7. Other relevant factors likewise do not suggest the presence of "substantial abuse." Although Debtor helps support her two adult sons and her two grandchildren, dependents she is not legally obligated to support, Debtor does not have an extravagant lifestyle. Her reported expenses are not excessive. Nothing in the Debtor's testimony leads the Court to conclude that she is not deserving of the fresh start afforded by the Bankruptcy Code. The discrepancies in the Debtor's schedules are troubling; however, the Court notes that it is equally incumbent upon counsel for the Debtor to carefully review the Debtor's statements and schedules prior to filing them with the Court as it is for the Debtor to provide complete and accurate information for inclusion on the bankruptcy petition, statements, and schedules.
As articulated by the Sixth Circuit,
[A] court should ascertain from the totality of circumstances whether [the debtor] is merely seeking an advantage over his creditors, or instead is `honest,' in the sense that his relationship with his creditors has been marked by essentially honorable and undeceptive dealings, and whether he is `needy' in the sense that his financial predicament warrants the discharge of his debts in exchange for liquidation of his assets.

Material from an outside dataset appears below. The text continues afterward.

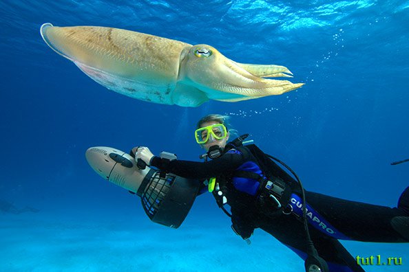 Огромная каракатица, похожая на осьминога, — мастер маскировки. Её кожа покрыта специальными клетками, отражающими свет в разных направлениях, что позволяет ей сливаться с местностью когда она сидит в засаде. Она, так же имеет странную сине-зеленую кровь — настоящий пришелец в подводном мире Мальдив.

In re Krohn, 886 F.2d 123, 126 (6th Cir. 1989) (citation omitted).
The evidence before the Court does not suggest that the Debtor has been dishonest or deceptive in dealing with her creditors. Her financial condition supports the finding that she is in need of financial relief. Therefore, based on the totality of circumstances in this proceeding, the Court concludes that granting the Debtor a discharge would not constitute a substantial abuse of the provisions of Chapter 7. Trustee's Motion to Dismiss will be denied.
These findings of fact and conclusions of law are entered in accordance with Rule 7052, F.R.Bankr.P. An appropriate order will be entered.